After acquiring the infection, it takes about 2- 8 weeks before any signs appear. Typically, the signs are visible after about 2 to 4 week. Initial symptoms are

  • Extreme tiredness & fatigue

  • Loss of appetite

  • Nausea/ Vomiting

  • Fever

  • Muscle pain/Bodyache

 Other symptoms which develop with time are

  • Dark colored urine

  • Yellowness in the skin (jaundice) and eyes.

  • Light-/white colored stools

  • Itching of skin

 People above 50 years of age or those suffering from the long-term liver disease may have a more serious disease called Fulminant Hepatitis A virus. The signs include bleeding , confusion, and tremors  etc. Acute liver failure is rare, occurring in less than 1 per cent of cases in Hepatitis A. Acute liver failure occurs more commonly with Hepatitis E with a case fatality rate up to 3 per cent. Pl consult your doctor immediately if you feel any of these symptoms

Simple measures to keep Hepatitis away include

  • Street-food is a big NO! Consume well cooked food

  • Avoid outside water. Keep adequate supplies of safe drinking water

  • Practice good hygienic and always wash your hands before having food.
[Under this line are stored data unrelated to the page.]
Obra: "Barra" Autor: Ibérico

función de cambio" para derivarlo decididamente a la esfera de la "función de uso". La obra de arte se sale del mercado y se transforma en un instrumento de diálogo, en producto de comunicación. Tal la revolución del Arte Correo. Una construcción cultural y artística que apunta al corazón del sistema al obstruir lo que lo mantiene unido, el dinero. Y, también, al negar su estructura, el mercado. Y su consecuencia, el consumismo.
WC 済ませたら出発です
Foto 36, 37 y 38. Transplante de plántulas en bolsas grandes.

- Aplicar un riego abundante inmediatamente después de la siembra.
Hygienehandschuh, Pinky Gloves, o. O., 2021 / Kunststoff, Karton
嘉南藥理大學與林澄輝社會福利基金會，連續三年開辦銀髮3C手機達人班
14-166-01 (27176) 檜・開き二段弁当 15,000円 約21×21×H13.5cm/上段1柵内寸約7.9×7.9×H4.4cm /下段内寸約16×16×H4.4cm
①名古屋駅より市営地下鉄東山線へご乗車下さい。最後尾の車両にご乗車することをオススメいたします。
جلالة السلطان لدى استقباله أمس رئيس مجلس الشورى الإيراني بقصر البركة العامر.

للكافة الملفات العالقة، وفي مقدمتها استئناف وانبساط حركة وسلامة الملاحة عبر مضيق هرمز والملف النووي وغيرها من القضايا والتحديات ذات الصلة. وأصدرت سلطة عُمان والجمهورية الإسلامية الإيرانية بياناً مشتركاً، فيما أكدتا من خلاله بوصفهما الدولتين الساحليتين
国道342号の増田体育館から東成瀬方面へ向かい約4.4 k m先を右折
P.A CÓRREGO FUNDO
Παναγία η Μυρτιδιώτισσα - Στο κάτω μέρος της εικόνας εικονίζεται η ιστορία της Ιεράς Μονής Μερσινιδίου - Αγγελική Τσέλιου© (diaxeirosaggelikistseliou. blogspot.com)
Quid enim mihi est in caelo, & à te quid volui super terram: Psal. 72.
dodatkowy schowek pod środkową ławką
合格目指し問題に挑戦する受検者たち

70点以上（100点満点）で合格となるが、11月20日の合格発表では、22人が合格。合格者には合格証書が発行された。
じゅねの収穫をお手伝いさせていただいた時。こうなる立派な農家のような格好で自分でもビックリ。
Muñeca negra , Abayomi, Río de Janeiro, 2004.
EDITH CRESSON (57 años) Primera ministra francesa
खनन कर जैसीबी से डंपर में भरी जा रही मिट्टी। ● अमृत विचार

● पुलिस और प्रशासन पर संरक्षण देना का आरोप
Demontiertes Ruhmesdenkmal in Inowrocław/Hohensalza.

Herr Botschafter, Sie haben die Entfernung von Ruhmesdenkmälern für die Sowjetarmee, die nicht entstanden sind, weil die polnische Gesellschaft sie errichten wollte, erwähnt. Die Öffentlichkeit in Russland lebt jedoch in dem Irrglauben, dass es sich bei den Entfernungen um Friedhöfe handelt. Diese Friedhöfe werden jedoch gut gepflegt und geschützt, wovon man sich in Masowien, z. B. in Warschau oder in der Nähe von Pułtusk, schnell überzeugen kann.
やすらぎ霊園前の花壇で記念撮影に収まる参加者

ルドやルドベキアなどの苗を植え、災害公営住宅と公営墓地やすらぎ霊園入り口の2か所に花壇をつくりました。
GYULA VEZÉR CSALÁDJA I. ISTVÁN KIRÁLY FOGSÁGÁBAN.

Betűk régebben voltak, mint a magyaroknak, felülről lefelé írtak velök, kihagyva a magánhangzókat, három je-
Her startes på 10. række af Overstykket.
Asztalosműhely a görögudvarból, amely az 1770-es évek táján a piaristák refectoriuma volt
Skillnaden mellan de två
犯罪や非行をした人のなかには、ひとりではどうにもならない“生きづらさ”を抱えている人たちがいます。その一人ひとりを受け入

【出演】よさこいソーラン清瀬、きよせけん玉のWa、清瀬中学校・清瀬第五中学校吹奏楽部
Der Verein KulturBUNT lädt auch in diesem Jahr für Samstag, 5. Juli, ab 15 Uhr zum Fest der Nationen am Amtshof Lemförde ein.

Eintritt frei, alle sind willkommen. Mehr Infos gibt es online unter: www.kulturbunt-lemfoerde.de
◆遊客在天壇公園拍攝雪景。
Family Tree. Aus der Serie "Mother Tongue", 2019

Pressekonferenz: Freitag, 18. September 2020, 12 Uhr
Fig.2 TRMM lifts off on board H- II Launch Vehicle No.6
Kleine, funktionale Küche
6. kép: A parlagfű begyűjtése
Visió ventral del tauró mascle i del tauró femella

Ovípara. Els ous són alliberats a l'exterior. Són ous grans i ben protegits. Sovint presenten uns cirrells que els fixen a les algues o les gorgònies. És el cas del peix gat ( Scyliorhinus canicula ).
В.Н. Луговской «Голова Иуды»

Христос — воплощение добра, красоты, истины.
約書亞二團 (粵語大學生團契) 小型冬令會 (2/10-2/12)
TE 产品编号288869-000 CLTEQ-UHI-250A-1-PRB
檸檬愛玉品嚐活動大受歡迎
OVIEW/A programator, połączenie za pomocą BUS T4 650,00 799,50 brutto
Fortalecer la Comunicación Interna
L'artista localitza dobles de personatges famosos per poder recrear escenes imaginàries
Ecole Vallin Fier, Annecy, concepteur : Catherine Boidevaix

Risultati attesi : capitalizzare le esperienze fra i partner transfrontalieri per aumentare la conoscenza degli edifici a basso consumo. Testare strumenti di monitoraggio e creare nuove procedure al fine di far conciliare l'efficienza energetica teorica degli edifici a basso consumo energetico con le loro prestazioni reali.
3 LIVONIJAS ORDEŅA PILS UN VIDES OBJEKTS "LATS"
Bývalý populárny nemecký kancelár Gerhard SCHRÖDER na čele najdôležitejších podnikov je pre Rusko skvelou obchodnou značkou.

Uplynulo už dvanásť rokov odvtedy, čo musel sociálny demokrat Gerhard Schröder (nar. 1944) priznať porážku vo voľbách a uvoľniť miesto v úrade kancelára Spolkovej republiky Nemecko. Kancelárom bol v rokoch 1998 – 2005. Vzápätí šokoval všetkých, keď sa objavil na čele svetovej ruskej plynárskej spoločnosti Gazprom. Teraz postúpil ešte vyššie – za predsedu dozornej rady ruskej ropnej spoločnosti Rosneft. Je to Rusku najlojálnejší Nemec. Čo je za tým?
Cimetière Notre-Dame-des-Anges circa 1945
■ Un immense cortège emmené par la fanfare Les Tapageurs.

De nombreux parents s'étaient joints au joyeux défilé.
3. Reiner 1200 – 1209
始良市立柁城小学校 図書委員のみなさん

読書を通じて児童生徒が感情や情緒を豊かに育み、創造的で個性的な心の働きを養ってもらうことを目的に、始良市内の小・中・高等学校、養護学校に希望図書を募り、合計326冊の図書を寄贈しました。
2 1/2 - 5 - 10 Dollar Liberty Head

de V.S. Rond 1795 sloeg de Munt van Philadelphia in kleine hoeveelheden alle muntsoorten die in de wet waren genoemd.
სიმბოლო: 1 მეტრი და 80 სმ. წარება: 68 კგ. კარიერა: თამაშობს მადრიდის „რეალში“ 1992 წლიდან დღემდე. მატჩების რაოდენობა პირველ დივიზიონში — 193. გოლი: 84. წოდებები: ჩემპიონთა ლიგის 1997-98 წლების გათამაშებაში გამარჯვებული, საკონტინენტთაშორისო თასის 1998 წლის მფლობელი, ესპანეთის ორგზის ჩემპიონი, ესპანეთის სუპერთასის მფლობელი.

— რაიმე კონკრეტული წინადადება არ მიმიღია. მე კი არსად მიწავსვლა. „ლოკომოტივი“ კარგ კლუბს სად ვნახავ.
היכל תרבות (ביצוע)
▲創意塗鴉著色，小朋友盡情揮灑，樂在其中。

  • Improve surrounding   sanitation with proper disposal of sewage within communities

  • A vaccine is also available for Hepatitis A, which is given in two doses, six months apart, and it offers 94 to 100 per cent protection against Hepatitis A.  Several vaccines are available internationally. Some are combined with the hepatitis B vaccine. All are similar in terms of how well they protect people from the virus and their side-effects. They have no serious adverse effects.

There is no specific treatment for symptomatic hepatitis A and E. Therapy is aimed at maintaining comfort and adequate nutritional balance, including replacement of fluids that are lost from vomiting and diarrhea.

People who become infected with hepatitis virus usually get better on their own, and generally do not need to be hospitalized. However, hospitalization is required for people with life-threatening disease from hepatitis, and should be considered for symptomatic pregnant women. Recovery from symptoms following infection may be slow and may take several weeks or months.